## What the exercise asks:
Set down the data below in full, exactly as it reads, but without the pictures.

## Information provided:
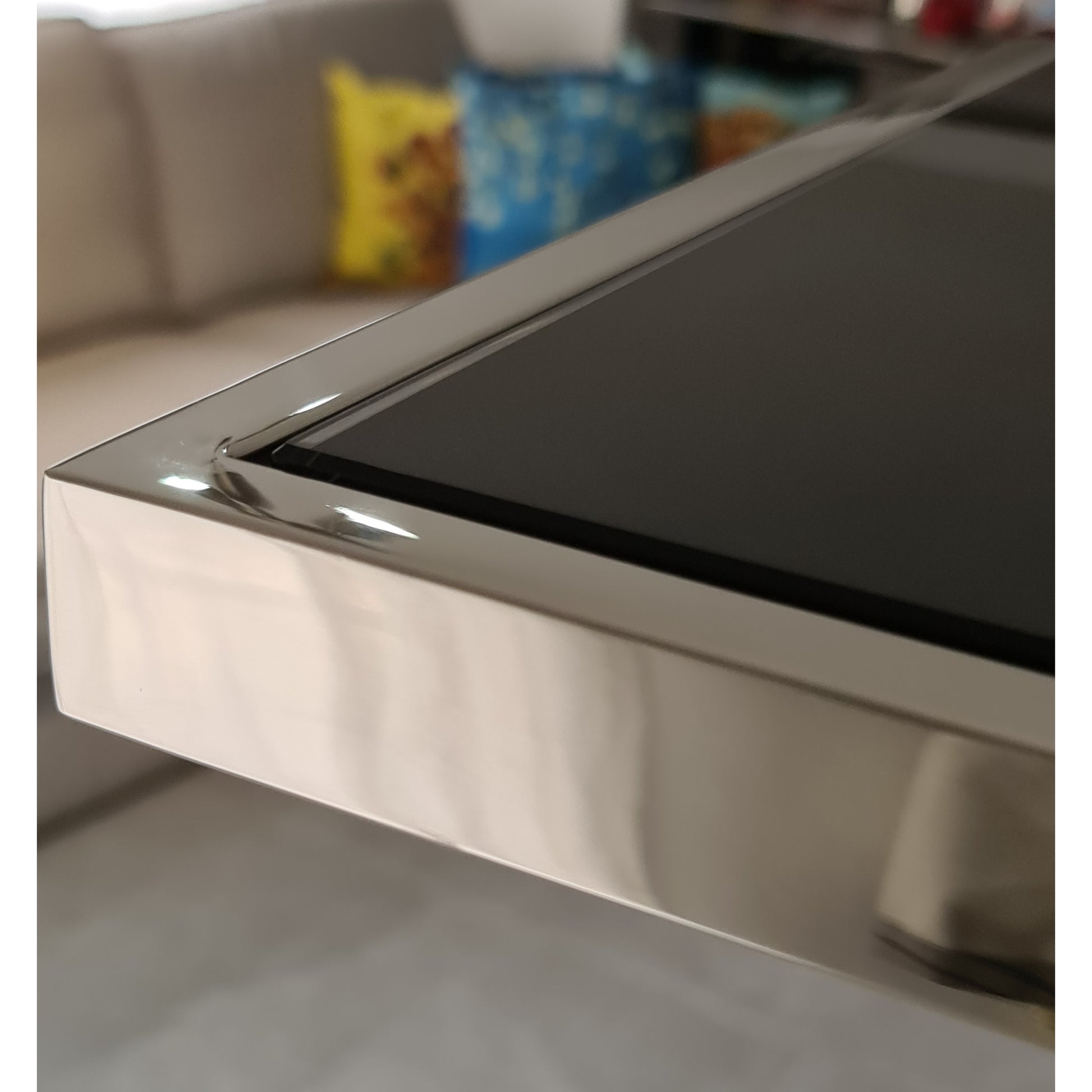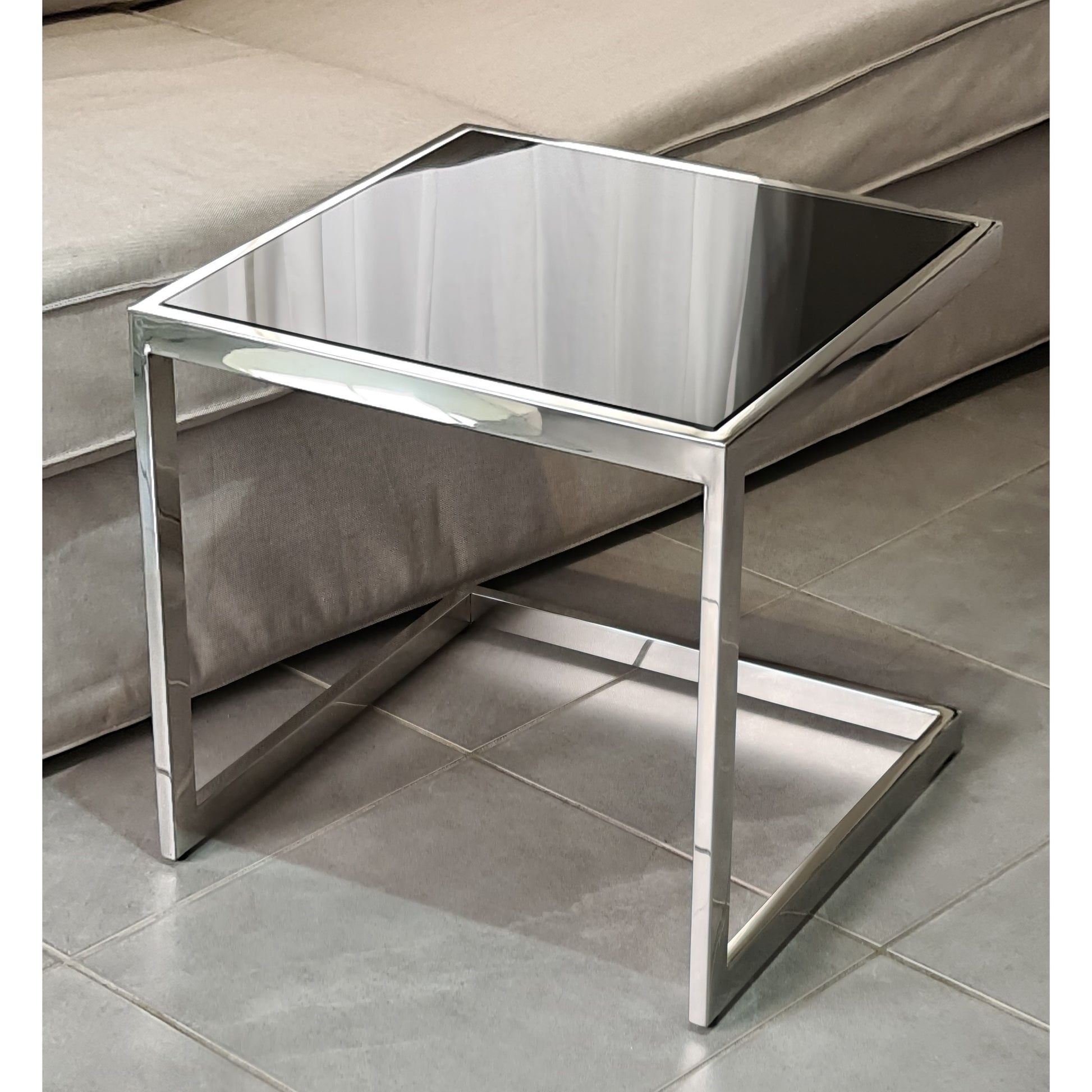 Malie Polished Stainless Steel Sid Table with Black Tempered Glass
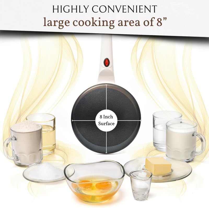 - Compact & Easy to Use: This nonstick crepe maker electric features an 8” die-cast aluminum surface that heats quick and evenly. Just preheat, dip, and flip to enjoy crepes in seconds—ideal for any home
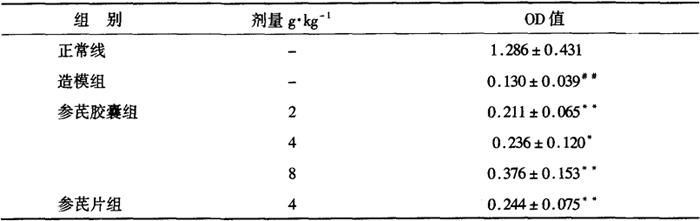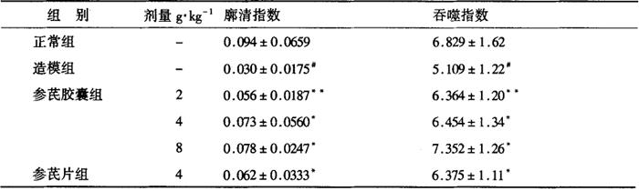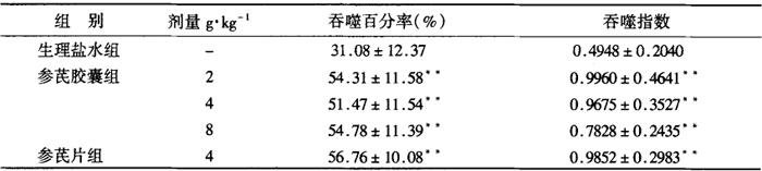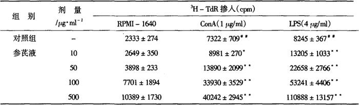 释义 | 人参 黄芪 【中医理论】 黄芪、人参各等份,为末。又名玉屑膏,载于《三因方》(卷九),《兰台轨范》卷五中亦名玉屑散。治尿血并五淋砂石,疼痛不可忍。人参、黄芪均为补气药,人参大补元气,黄芪益气升阳,二药相伍,补元气,生精血,化气行水,淋病日久,气血俱虚者用之,则小便利而淋证除。因黄芪偏于温补固护,人参偏于滋补强壮,是甘温补气的重要配伍,可用于气虚神疲、食少、自汗等身体虚弱诸症。对阴血不足之证,亦可配用。方如补中益气汤。 【药理研究】 1.对小鼠免疫功能的影响 陆氏等[1]针对肿瘤病人经放、化疗后导致的免疫功能低下和骨髓造血功能抑制等不良反应,研究参芪胶囊(由人参、黄芪、当归、熟地黄、鹿角等中药组成)对小鼠免疫功能影响:取参芪胶囊浸膏粉50g,溶解于100ml蒸馏水中,加入95%使其含醇量达到70%,于4℃静置24h,过滤弃沉淀,回收乙醇,经漏斗过滤,以蒸馏水配制成150%溶液,临用前再以RPMI-1640稀释。 1.1 参芪胶囊对小鼠腹腔巨噬细胞吞噬功能的影响 取65只小鼠,随机分成5组,每组13只。分别给予生理盐水、参芪胶囊2、4、8g/kg、参芪片4g/kg,每日灌胃1次,每次每鼠给药容积为15ml/kg,连续7d。每只小鼠腹腔注射5%鸡红细胞生理盐水悬液0.5ml,6h后脱颈椎处死,用油镜观察并计算吞噬百分数和吞噬指数。结果见表12-7-1。 表12-7-1 参芪胶囊对小鼠腹腔巨噬细胞吞噬功能的影响( 与正常组相比:* *P<0.01 由表12-7-1可见,参芪胶囊的3个剂量均可显著增强小鼠腹腔巨噬细胞的吞噬功能,提高巨噬细胞的吞噬百分率和吞噬指数。 1.2 参芪胶囊对小鼠免疫器官重量的影响 将小鼠随机分为正常组、造模组、参芪胶囊3个剂量组、参芪片组,每组10只。每日按0.15ml/10g体重小鼠灌胃给药1次,连续7d,给药d4皮下注射环磷酰胺100mg/kg。各组动物于末次给药后30min,脱颈椎处死,称体重,摘取脾、胸腺,称重。以器官重量(mg)与体重(g)的比值为指标。 表12-7-2 参芪胶囊对小鼠免疫器官的影响( 与正常组相比:# #P<0.05,# #<0.01;与模型组相比,*P<0.05,* *P<0.01 结果表明,参芪胶囊3个剂量均可显著对抗环磷酰胺所致的小鼠脾指数和胸腺指数的下降。 1.3 参芪胶囊对小鼠网状内皮系统的影响 将小鼠随机分为正常组、造模组、参芪胶囊3个剂量组、参芪片组,每组10只。每日按0.15ml/10g灌胃给药1次,连续7d。于给药第4d皮下注射环磷酰胺100mg/kg。各组动物于末次给药30min后,尾静脉注射印度墨汁(用生理盐水按1∶4稀释)0.1ml/10g,于注入墨汁后1、5min分别从眼眶取血20μl,立刻加入2ml0.1%Na2CO3溶液中。以0.1%Na2CO3溶液为对照,于型紫外分光光度计268mm处比色。 动物处死后称体重,并摘取动物的肝脏、脾脏称重。按下式计算K(廓清指数)、α(吞噬指数)。K=(IgOD1-IgOD2)/(t2-t1),α=3K×体重/(肝重+脾重)。 表12-7-3 参芪胶囊对小鼠RES系统吞噬功能的影响( 与模型组相比:#P<0.05,# #P<0.01;与正常组比,*P<0.05,* *P<0.01 结果表明,参芪胶囊的3个剂量均可显著增强小鼠RES系统吞噬能力,可对抗环磷酰胺所致的RES系统吞噬能力的下降。 1.4 参芪胶囊对60Co照射模型小鼠溶血素含量的影响 取小鼠60只,雌雄各半,随机分成6组,每组10只,分组及给药同前。除正常组外,其余组于给药每1d进行60Co照射(3.5Gy,150伦琴/min),给药后的第2d所有小鼠每只腹腔注射5%CRBC0.5ml进行免疫。连续给药,第7d采血、取血清,用NS稀释血清5倍,取稀释的血清1ml与5%CRBC0.5ml、10%补体0.5ml混合,在37℃恒温水浴1h,0℃终止反应,2000r/min,离心5min,取上清,于分光光度计比色,测OD540nm,以OD值作为判断血清溶血素的指标,比较各组的差异。 表12-7-4 参芪胶囊对60Co模型小鼠溶血素含量的影响(x±s,n=10) 与正常组比绞:# #P<0.01;与模型组比较:*P<0.05,* *P<0.01 结果表明,参芪胶囊对60Co照射所致的小鼠溶血素下降的水平有显著的提高作用。 1.5 参芪胶囊对小鼠淋巴细胞增殖反应的影响 将小鼠断头放血处死,无菌取出脾脏置于盛有RPMI-1640培养液的平皿中,制成脾细胞悬液。将此悬液用RPMI-1640培养液洗涤2次,每次1500r/min,离心5min,用0.6%台盼蓝溶液记数活细胞。然后用含10%小牛血清的RPMI-1640培养液将细胞稀释为1×107/ml,并接种于无菌的96孔培养板中,每孔50μl,分组并加入下列处理因素:空白对照组:加RPMI-1640培养液;参芪组:分别加以终浓度为10、50、100、500μg/ml的参芪液;ConA对照组:加入终浓度为1μg/mlConA;ConA+SQT组:除加入终浓度为1μg/mlConA外,另分别加入以终浓度为10、50、100、500μg/ml的参芪液;LPS对照组:加入终浓度为4μg/ml;LPS+参芪组:除加入终浓度为4μg/mlLPS外,另分别加入终浓度为10、50、100、500μg/ml的参芪液;每剂量组设3复孔,每孔总容积均为200μl。置37℃,5%CO2和95%空气的细胞培养箱中孵育72h。终止培养前6h,每孔加人3H-TdR0.5μCi。用多头细胞收集器将各孔之细胞吸于49型玻璃纤维滤膜上,蒸馏水洗10次,置于80℃烘箱中15min,然后将滤膜放入盛有5mI闪烁液的闪烁瓶中,用液闪仪测定cpm值。结果表明:参芪液不仅在体外可以增强ConA诱导的T淋巴细胞增殖反应和LPS刺激引起的B淋巴细胞增殖反应,而且它本身对脾细胞也具有丝裂原作用。 表12-7-5 参芪液对小鼠淋巴细胞增殖反应的影响( 与对照组比较:*P<0.05,* *P<0.01;与RPIM-1640比较:# #P<0.01 1.6 参芪胶囊对60Co照射小鼠白细胞数及骨髓DNA含量的影响 取小鼠60只,随机分为6组,每组10只。设正常组、造模组、参芪胶囊组低、中、高剂量组(2g/kg、4g/kg、8g/kg),参芪片(4g/kg)组,每鼠给

## Answer for the task:
 Malie Polished Stainless Steel Sid Table with Black Tempered Glass
 - Compact & Easy to Use: This nonstick crepe maker electric features an 8” die-cast aluminum surface that heats quick and evenly. Just preheat, dip, and flip to enjoy crepes in seconds—ideal for any home
 释义 | 人参 黄芪 【中医理论】 黄芪、人参各等份,为末。又名玉屑膏,载于《三因方》(卷九),《兰台轨范》卷五中亦名玉屑散。治尿血并五淋砂石,疼痛不可忍。人参、黄芪均为补气药,人参大补元气,黄芪益气升阳,二药相伍,补元气,生精血,化气行水,淋病日久,气血俱虚者用之,则小便利而淋证除。因黄芪偏于温补固护,人参偏于滋补强壮,是甘温补气的重要配伍,可用于气虚神疲、食少、自汗等身体虚弱诸症。对阴血不足之证,亦可配用。方如补中益气汤。 【药理研究】 1.对小鼠免疫功能的影响 陆氏等[1]针对肿瘤病人经放、化疗后导致的免疫功能低下和骨髓造血功能抑制等不良反应,研究参芪胶囊(由人参、黄芪、当归、熟地黄、鹿角等中药组成)对小鼠免疫功能影响:取参芪胶囊浸膏粉50g,溶解于100ml蒸馏水中,加入95%使其含醇量达到70%,于4℃静置24h,过滤弃沉淀,回收乙醇,经漏斗过滤,以蒸馏水配制成150%溶液,临用前再以RPMI-1640稀释。 1.1 参芪胶囊对小鼠腹腔巨噬细胞吞噬功能的影响 取65只小鼠,随机分成5组,每组13只。分别给予生理盐水、参芪胶囊2、4、8g/kg、参芪片4g/kg,每日灌胃1次,每次每鼠给药容积为15ml/kg,连续7d。每只小鼠腹腔注射5%鸡红细胞生理盐水悬液0.5ml,6h后脱颈椎处死,用油镜观察并计算吞噬百分数和吞噬指数。结果见表12-7-1。 表12-7-1 参芪胶囊对小鼠腹腔巨噬细胞吞噬功能的影响( 与正常组相比:* *P<0.01 由表12-7-1可见,参芪胶囊的3个剂量均可显著增强小鼠腹腔巨噬细胞的吞噬功能,提高巨噬细胞的吞噬百分率和吞噬指数。 1.2 参芪胶囊对小鼠免疫器官重量的影响 将小鼠随机分为正常组、造模组、参芪胶囊3个剂量组、参芪片组,每组10只。每日按0.15ml/10g体重小鼠灌胃给药1次,连续7d,给药d4皮下注射环磷酰胺100mg/kg。各组动物于末次给药后30min,脱颈椎处死,称体重,摘取脾、胸腺,称重。以器官重量(mg)与体重(g)的比值为指标。 表12-7-2 参芪胶囊对小鼠免疫器官的影响( 与正常组相比:# #P<0.05,# #<0.01;与模型组相比,*P<0.05,* *P<0.01 结果表明,参芪胶囊3个剂量均可显著对抗环磷酰胺所致的小鼠脾指数和胸腺指数的下降。 1.3 参芪胶囊对小鼠网状内皮系统的影响 将小鼠随机分为正常组、造模组、参芪胶囊3个剂量组、参芪片组,每组10只。每日按0.15ml/10g灌胃给药1次,连续7d。于给药第4d皮下注射环磷酰胺100mg/kg。各组动物于末次给药30min后,尾静脉注射印度墨汁(用生理盐水按1∶4稀释)0.1ml/10g,于注入墨汁后1、5min分别从眼眶取血20μl,立刻加入2ml0.1%Na2CO3溶液中。以0.1%Na2CO3溶液为对照,于型紫外分光光度计268mm处比色。 动物处死后称体重,并摘取动物的肝脏、脾脏称重。按下式计算K(廓清指数)、α(吞噬指数)。K=(IgOD1-IgOD2)/(t2-t1),α=3K×体重/(肝重+脾重)。 表12-7-3 参芪胶囊对小鼠RES系统吞噬功能的影响( 与模型组相比:#P<0.05,# #P<0.01;与正常组比,*P<0.05,* *P<0.01 结果表明,参芪胶囊的3个剂量均可显著增强小鼠RES系统吞噬能力,可对抗环磷酰胺所致的RES系统吞噬能力的下降。 1.4 参芪胶囊对60Co照射模型小鼠溶血素含量的影响 取小鼠60只,雌雄各半,随机分成6组,每组10只,分组及给药同前。除正常组外,其余组于给药每1d进行60Co照射(3.5Gy,150伦琴/min),给药后的第2d所有小鼠每只腹腔注射5%CRBC0.5ml进行免疫。连续给药,第7d采血、取血清,用NS稀释血清5倍,取稀释的血清1ml与5%CRBC0.5ml、10%补体0.5ml混合,在37℃恒温水浴1h,0℃终止反应,2000r/min,离心5min,取上清,于分光光度计比色,测OD540nm,以OD值作为判断血清溶血素的指标,比较各组的差异。 表12-7-4 参芪胶囊对60Co模型小鼠溶血素含量的影响(x±s,n=10) 与正常组比绞:# #P<0.01;与模型组比较:*P<0.05,* *P<0.01 结果表明,参芪胶囊对60Co照射所致的小鼠溶血素下降的水平有显著的提高作用。 1.5 参芪胶囊对小鼠淋巴细胞增殖反应的影响 将小鼠断头放血处死,无菌取出脾脏置于盛有RPMI-1640培养液的平皿中,制成脾细胞悬液。将此悬液用RPMI-1640培养液洗涤2次,每次1500r/min,离心5min,用0.6%台盼蓝溶液记数活细胞。然后用含10%小牛血清的RPMI-1640培养液将细胞稀释为1×107/ml,并接种于无菌的96孔培养板中,每孔50μl,分组并加入下列处理因素:空白对照组:加RPMI-1640培养液;参芪组:分别加以终浓度为10、50、100、500μg/ml的参芪液;ConA对照组:加入终浓度为1μg/mlConA;ConA+SQT组:除加入终浓度为1μg/mlConA外,另分别加入以终浓度为10、50、100、500μg/ml的参芪液;LPS对照组:加入终浓度为4μg/ml;LPS+参芪组:除加入终浓度为4μg/mlLPS外,另分别加入终浓度为10、50、100、500μg/ml的参芪液;每剂量组设3复孔,每孔总容积均为200μl。置37℃,5%CO2和95%空气的细胞培养箱中孵育72h。终止培养前6h,每孔加人3H-TdR0.5μCi。用多头细胞收集器将各孔之细胞吸于49型玻璃纤维滤膜上,蒸馏水洗10次,置于80℃烘箱中15min,然后将滤膜放入盛有5mI闪烁液的闪烁瓶中,用液闪仪测定cpm值。结果表明:参芪液不仅在体外可以增强ConA诱导的T淋巴细胞增殖反应和LPS刺激引起的B淋巴细胞增殖反应,而且它本身对脾细胞也具有丝裂原作用。 表12-7-5 参芪液对小鼠淋巴细胞增殖反应的影响( 与对照组比较:*P<0.05,* *P<0.01;与RPIM-1640比较:# #P<0.01 1.6 参芪胶囊对60Co照射小鼠白细胞数及骨髓DNA含量的影响 取小鼠60只,随机分为6组,每组10只。设正常组、造模组、参芪胶囊组低、中、高剂量组(2g/kg、4g/kg、8g/kg),参芪片(4g/kg)组,每鼠给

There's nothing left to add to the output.